Journal of the New Zealand Medical Association, 05-November-2010, Vol 123 No 1325
Varicella-zoster virus pneumonia
Hsi-Che Shen, Tsu-Tuan Wu, Sheng-Hsiang Lin
A 36-year-old man presented to the emergency department with fever and progressive skin rashes for 3 days, followed by cough and dyspnoea for 1 day. During this period he had contact with his 18-month-old son who had developed chickenpox. His medical history was unremarkable and he had no past history of varicella-zoster virus (VZV) infection or vaccination, and no risk factors for HIV. He was febrile (39oC) and skin examination revealed numerous characteristic varicella skin eruptions: polymorphic rashes with vesicles and pustules over face, trunk and extremities.

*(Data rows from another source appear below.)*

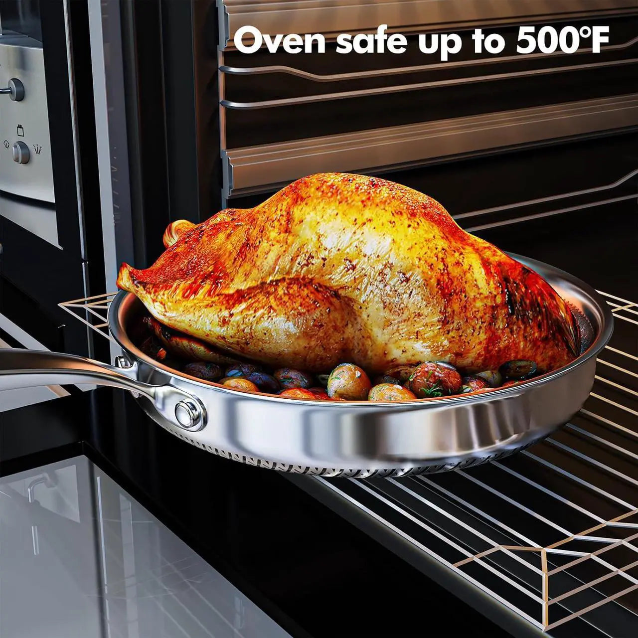 - All Hobs & Oven Safe: Tri-ply construction ensures fast, even heat distribution, compatible with induction, gas, halogen, and electric stovetops. Oven safe up to 480°F / 250°C (glass lids safe up to 210°F / 100°C).
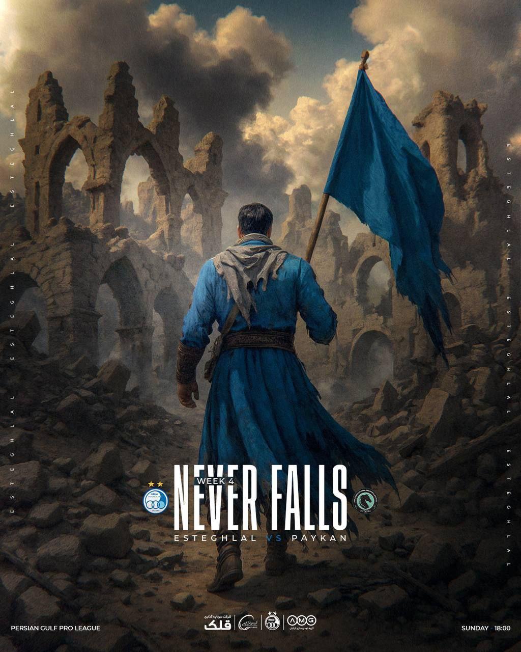در سوی مقابل، استقلالیها پاسخ متفاوتی به این پوستر دادند. آبیها تصویر یک جنگجو با شنل آبی و پرچمی در دست منتشر کردند که در میان خرابههای یک قلعه ایستاده است. روی این پوستر عبارت «هرگز سقوط نمیکند» نوشته شده بود که به عنوان روی پا ایستادن این تیم پس از شکست سنگین برابر الوصل است.
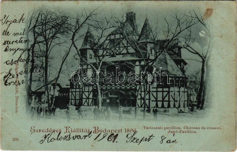 1901 Budapest XIV. Ezredéves Kiállítás 1896-ban, Vadászati pavilon est... https://www.darabanth.com/de/41-Gross-Auktion/41.1/Ansichtskarten/Ungarn~16958/1901-Budapest-XIV-Ezredeves-Kiallitas-1896-ban-Vadaszati-pavilon-este-fl~II3008326
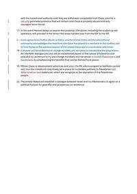 ➤ Việc rút quân gắn liền với việc giải giáp Hamas, với các điều khoản được mở rộng từ vũ khí tấn công đến tất cả các loại vũ khí "quân sự/khủng bố", thêm vào "bị phá hủy và không được xây dựng lại" điều này thực sự giữ IDF bên trong Gaza vĩnh viễn
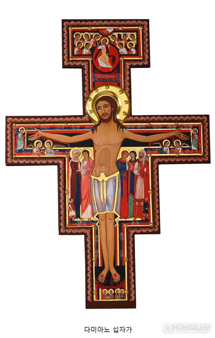 "다미아노 십자가"는 성 프란치스코가 기도하던 작은 교회, 아시시의 ‘산 다미아노 성당’에서 유래한 성화 십자가이다. 프란치스코는 이 십자가 앞에서 기도하던 중 “프란치스코야, 무너져가는 나의 집을 다시 세워라”. 라는 주님의 음성을 들었다고 전해진다. 이 십자가는 전통적인 비잔틴 이콘 양식으로 제작되었으며, 예수님이 죽음이 아닌 영광스럽고 승리하신 모습으로 표현되는 것이 특징이다.

Biochemical studies showed elevated liver transaminase levels (aspartate aminotransferase [AST] 61 IU/L; alanine aminotransferase [ALT] 62 IU/L) and peripheral blood haemogram showed lymphocytosis (lymphocyte count 7296 cells/mm3). The initial chest radiograph (Figure 1) revealed diffuse nodular infiltrates in combination with a fine reticular pattern, compatible with interstitial pneumonitis. There was no evidence of encephalitis, nephritis or myocarditis.
The patient received intravenous acyclovir administration for the clinical diagnosis of VZV infection complicated with pneumonia. After hospitalisation, fever and respiratory symptoms gradually improved, and the skin eruptions became crusty. A follow-up chest radiograph 1 week later (Figure 2) revealed nearly total resolution of pulmonary infiltrates.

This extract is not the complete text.